But wouldn’t this compensation mechanism generate another free riding problem? Nozick says that not much, because the compensation is only “the amount that would equal the cost of an unfancy policy when added to the sum of the monetary costs of self-help protection plus whatever amount the person comfortably could pay”. Also, as we just said, it is an unfancy policy that protects only against paying clients, not against compensated clients and other independents. Therefore, the more free riders there are, the more important it becomes to buy a full protection policy.

We can see that what we now have resembles a state. In chapter 3 Nozick argued that two necessary conditions to be fulfilled by an organization to be a state were:
 Monopoly of the use of force.
 Universal protection.
The protective agency resembles a state in these two conditions. Firstly, it is a de facto monopoly due to the competitive advantage mentioned earlier. It does not have any special right to be it, it just is.

Secondly, most of the people are its clients. There may be independents, however, who apply procedures it approves of. Also, there might still be independents who apply methods that it disapproves of to other independents with unreliable procedures.

These conditions are important because they are the basis for the “individualist anarchist” to claim that every state is necessarily illegitimate. This part of the book is a refutation of that claim, showing that some states could be formed by a series of legitimate steps. The de facto monopoly has arisen by morally permissible steps and the universal protection, is not really redistributive because the people who are given money or protective services at a discount had a right to this as a compensation for the disadvantages forced upon them. Therefore, the state is not violating anybody’s rights.

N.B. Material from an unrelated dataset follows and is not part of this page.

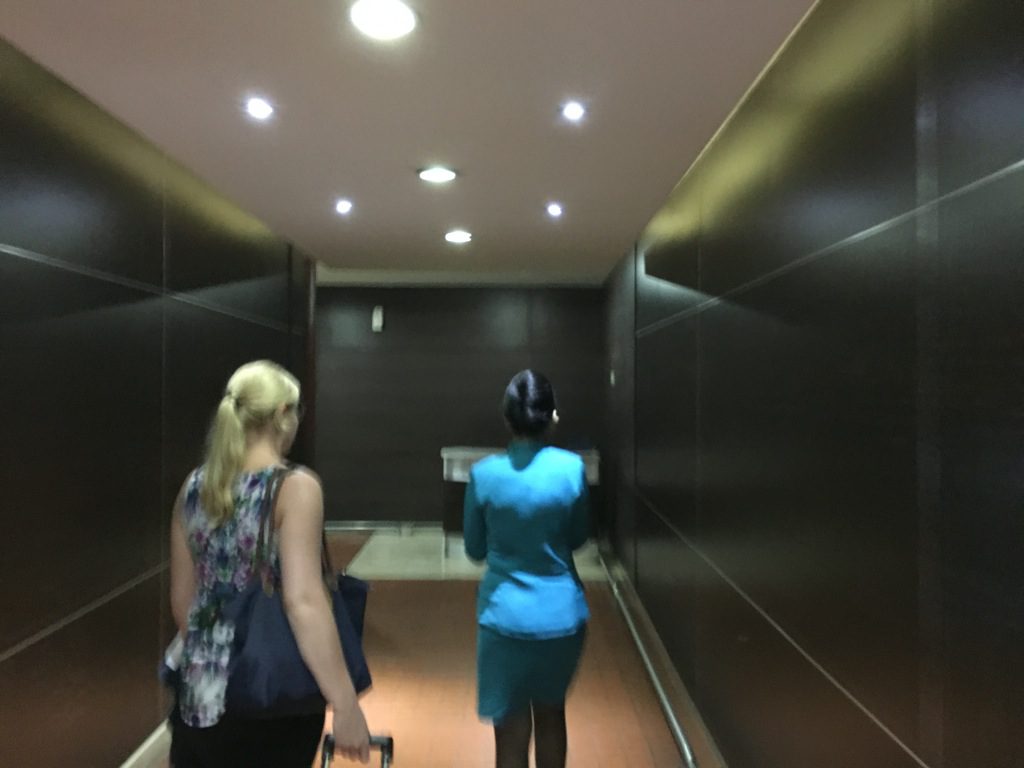Nachdem wir uns in der Lounge niedergelassen hatten, brachte unsere Eskorte unsere Pässe und Bordkarten ohne uns zu einem Zöllner für die Ausreise. Fünf Minuten später wurden uns unsere Pässe und Bordkarten in die Lounge gebracht und auch die neuen Bagtags wurden uns überreicht.

Note that this is not a state as we usually understand it. It is presumably organized more like a company and, more importantly, there still exist independents. But, as Nozick says:

He does recognize, however, that this entity does not fit perfectly in the Weberian tradition of the definition of the state. It is not “the sole authorizer of violence”, since some independents may conduct violence to one another without intervention. But it is the sole effective judge over the permissibility of violence. Therefore, he concludes, this may be also called a “statelike entity.”

Finally, Nozick warns us that the step from being just a de facto monopoly (the ultraminimal state) to becoming this “statelike entity” that compensates some independents (the minimal state) is not a necessary one. Compensating is a moral obligation. But this does not invalidate Nozick’s response to the individualist anarchist and it remains an invisible hand explanation: after all, to give universal protection the agency does not need to have any plan to become a state. It just happens if it decides to give the protection it owes.

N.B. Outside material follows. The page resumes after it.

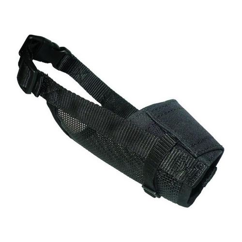 Museliere noire pour grand chien : évite au chien d'aboyer, mordre, mâcher, ronger, lui permet de continuer a boire, haleter. Partie en filet : respirant, agréable. Tour de cou et museau réglable : pratique, confortable. Facile a mettre, a ranger, légere, lavable en machine. Idéale pour des courtes durées.

Further considerations on the argument for the state
A discussion of pre-emptive attack leads Nozick to a principle that excludes prohibiting actions not wrong in themselves, even if those actions make more likely the commission of wrongs later on. This provides him with a significant difference between a protection agency's prohibitions against procedures it deems unreliable or unfair, and other prohibitions that might seem to go too far, such as forbidding others to join another protective agency. Nozick's principle does not disallow others from doing so.

Distributive justice
Nozick's discussion of Rawls's theory of justice raised a prominent dialogue between libertarianism and liberalism. He sketches an entitlement theory, which states, "From each as they choose, to each as they are chosen". It comprises a theory of (1) justice in acquisition; (2) justice in rectification if (1) is violated (rectification which might require apparently redistributive measures); (3) justice in holdings, and (4) justice in transfer. Assuming justice in acquisition, entitlement to holdings is a function of repeated applications of (3) and (4). Nozick's entitlement theory is a non-patterned historical principle. Almost all other principles of distributive justice (egalitarianism, utilitarianism) are patterned principles of justice. Such principles follow the form, "to each according to..."

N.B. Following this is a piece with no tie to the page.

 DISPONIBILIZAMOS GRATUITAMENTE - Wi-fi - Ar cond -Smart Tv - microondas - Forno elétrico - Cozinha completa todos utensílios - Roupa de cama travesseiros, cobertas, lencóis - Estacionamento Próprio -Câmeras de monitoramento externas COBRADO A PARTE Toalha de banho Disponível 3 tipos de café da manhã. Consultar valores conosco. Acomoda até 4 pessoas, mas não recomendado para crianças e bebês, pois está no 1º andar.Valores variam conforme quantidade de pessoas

Nozick's famous Wilt Chamberlain argument is an attempt to show that patterned principles of just distribution are incompatible with liberty. He asks us to assume that the original distribution in society, D1, is ordered by our choice of patterned principle, for instance Rawls's Difference Principle. Wilt Chamberlain is an extremely popular basketball player in this society, and Nozick further assumes 1 million people are willing to freely give Chamberlain 25 cents each to watch him play basketball over the course of a season (we assume no other transactions occur). Chamberlain now has $250,000, a much larger sum than any of the other people in the society. This new distribution in society, call it D2, obviously is no longer ordered by our favored pattern that ordered D1. However Nozick argues that D2 is just. For if each agent freely exchanges some of his D1 share with the basketball player and D1 was a just distribution (we know D1 was just, because it was ordered according to the favored patterned principle of distribution), how can D2 fail to be a just distribution? Thus Nozick argues that what the Wilt Chamberlain example shows is that no patterned principle of just distribution will be compatible with liberty. In order to preserve the pattern, which arranged D1, the state will have to continually interfere with people's ability to freely exchange their D1 shares, for any exchange of D1 shares explicitly involves violating the pattern that originally ordered it.

Nozick analogizes taxation with forced labor, asking the reader to imagine a man who works longer to gain income to buy a movie ticket and a man who spends his extra time on leisure (for instance, watching the sunset). What, Nozick asks, is the difference between seizing the second man's leisure (which would be forced labor) and seizing the first man's goods? "Perhaps there is no difference in principle," Nozick concludes, and notes that the argument could be extended to taxation on other sources besides labor. "End-state and most patterned principles of distributive justice institute (partial) ownership by others of people and their actions and labor. These principles involve a shift from the classical liberals' notion of self ownership to a notion of (partial) property rights in other people."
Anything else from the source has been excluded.